In our study, high FAI-score was observed in 17% of patients on treatment compared with 33% of patients on no treatment at the time of their imaging. We did not find an association between either any statin or a high-intensity statin and FAI, whilst the low number of patients on PCSK9-inhibitors (2) at the time of CT prevented analysis. The impact of treatment dictated by FAI-score requires further interrogation in a larger cohort tracking MACE.

This exploratory pilot study is limited by its single-centre and retrospective design, limiting the ability to control for confounders. The modest sample size and heterogeneity of the population limit interpretation of findings, particularly sub-analyses, though offer exploratory, hypothesis-generating data. The patient cohort reflects clinician’s discretion as to which patients cardiac imaging were considered in, rather than a random process or systematically applied to all patients, leaving the potential for selection bias. This, combined with the modest sample size and single-centre design may limit the representativeness of the cohort and generalisability of our findings to differing lipid clinic populations.

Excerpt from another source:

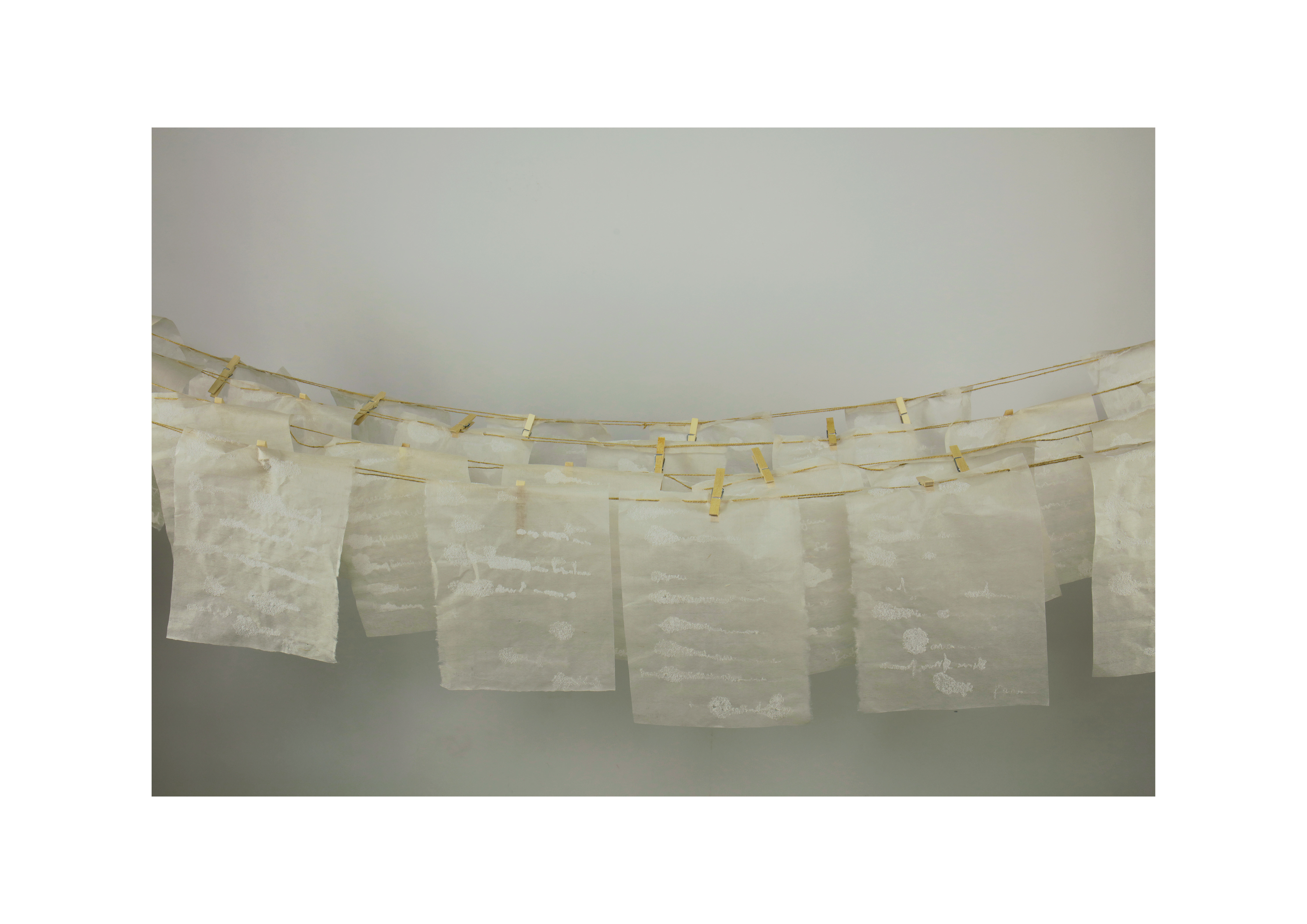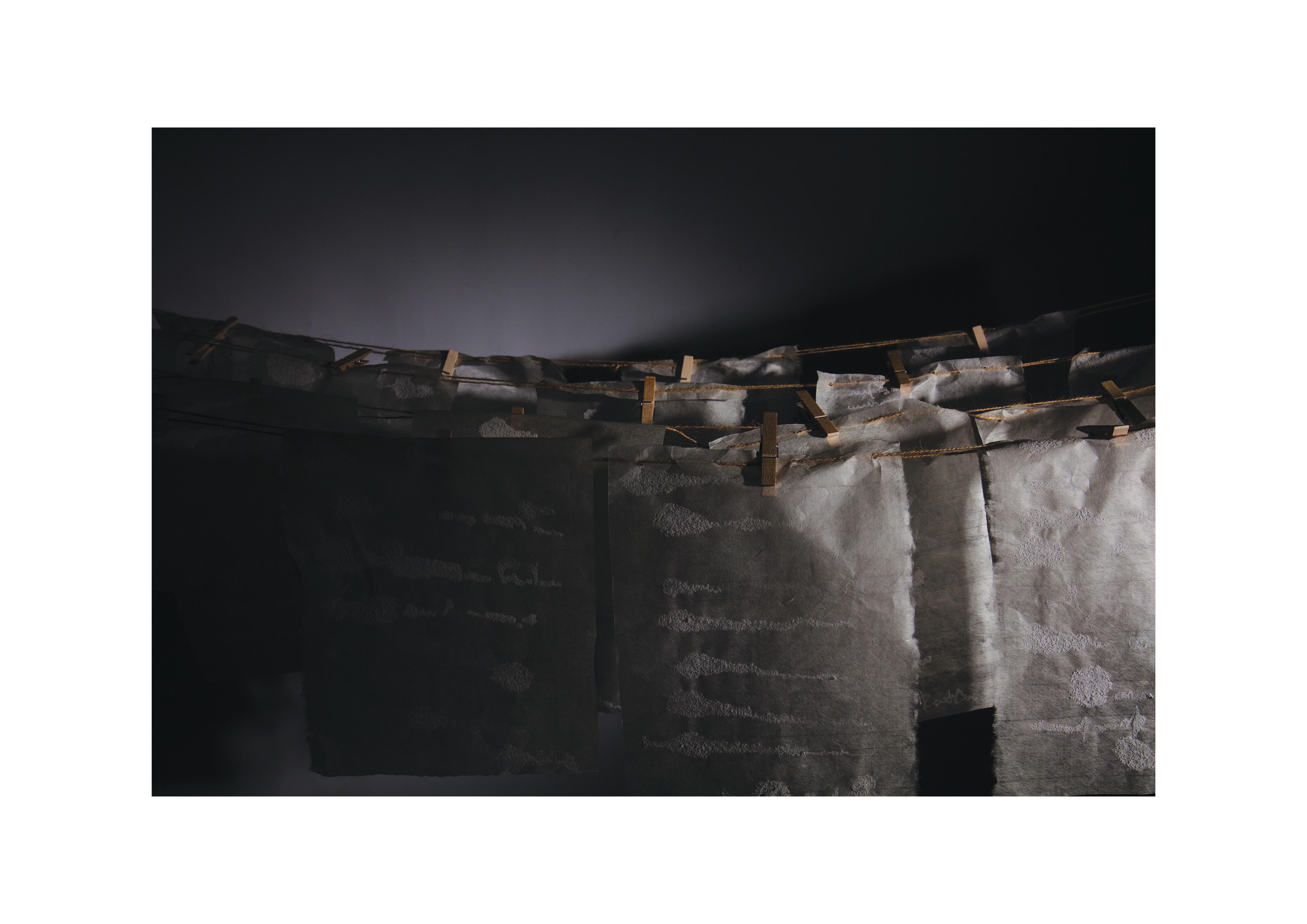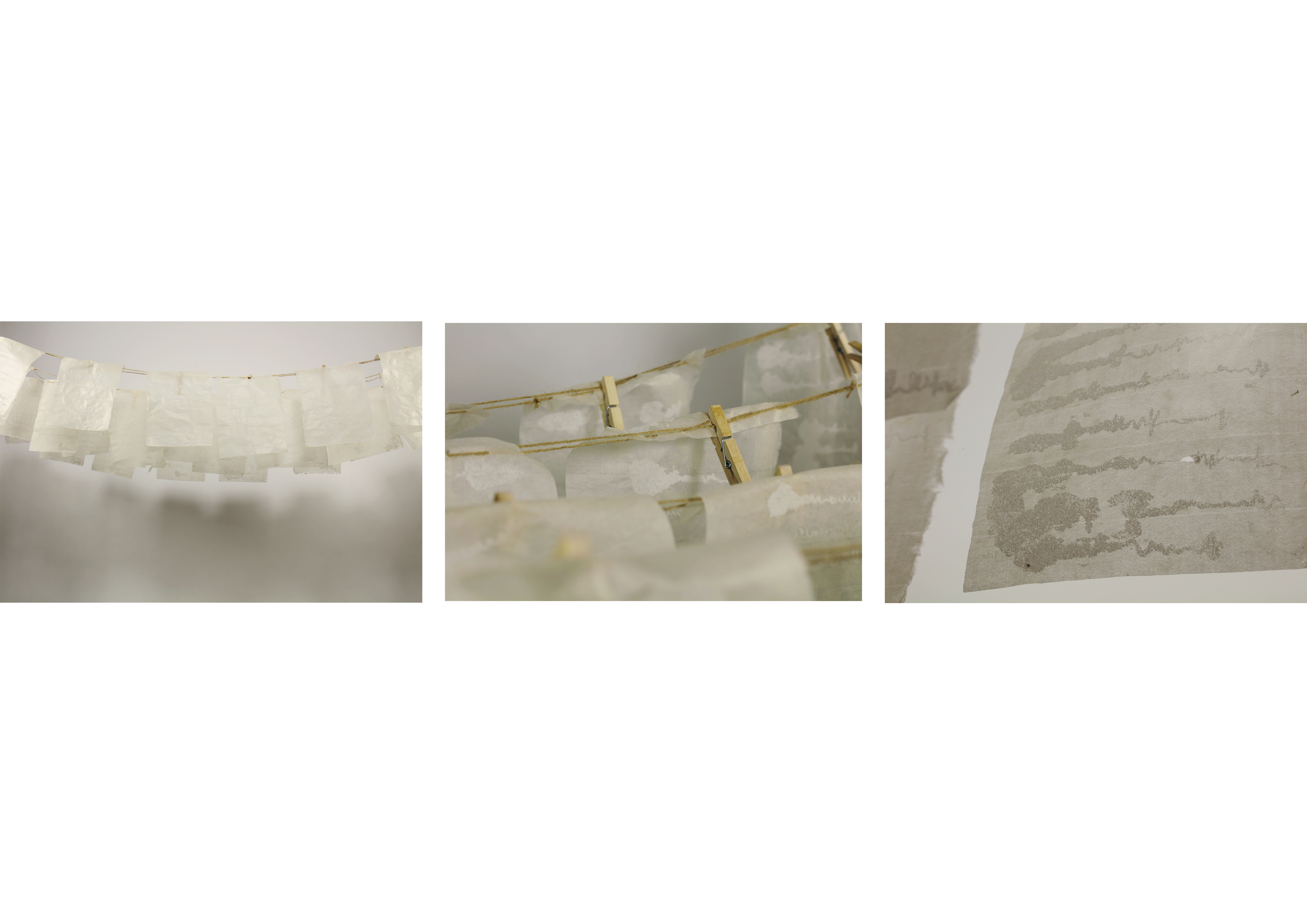 The object itself is the result of papers threaded together with Cabuya (Ecuadorian organic fiber) and displayed as a hanging clothesline. In this way, my project revisits memory transforming it into a tangible, yet abstract object.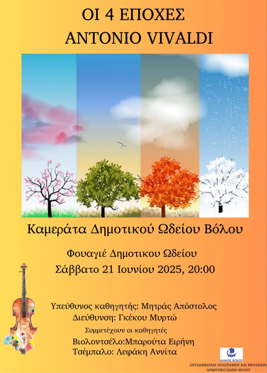 Στις 8.00 το βράδυ του Σαββάτου, στου Φουαγιέ του Δημοτικού Ωδείου, η Καμεράτα των Σπουδαστών του ΔΩΒ με υπεύθυνο καθηγητή τον Αποστόλη Μητρά, παρουσιάζει τις 4 ΕΠΟΧΕΣ του Antonio Vivaldi. Στη συναυλία συμμετέχουν οι καθηγητές Ειρήνη Μπαρούτα (βιολοντσέλο) και Αννίτα Λεφάκη (τσέμπαλο). Την Καμεράτα διευθύνει η Μυρτώ Γκέκου.

Allowing for this though, study results demonstrate that the current methods of estimating risk are heterogeneous. The number of raters was modest, and the assessment of impact on management was based on hypothetical decision-making rather than the prospective decisions taken in each case, which may not represent broader clinical practice. However, the use of real-world consecutive clinical cases referred for cardiac CT enhances its application to the lipid clinic and reflects current practice. Further, the involvement of clinicians from a variety of institutions across the UK demonstrates a sampling of clinical practice and adds weight to findings.

The relatively large number of sequential responses required within the survey may have risked a degree of response-fatigue. This was mitigated by allowing respondents to pause, exit and return at the same point, completing the survey over multiple sittings at a time to suit them. A potential lack of clinician routine exposure to CCTA prior to participation results may have influenced responses, though this was partially addressed by the provision of standardised supplemental educational material to all respondents and reflects current practice. Further research will need to consider the health economic and longer-term clinical impact of CCTA +/- FAI versus standard of care in larger, prospective multi-centre cohort studies.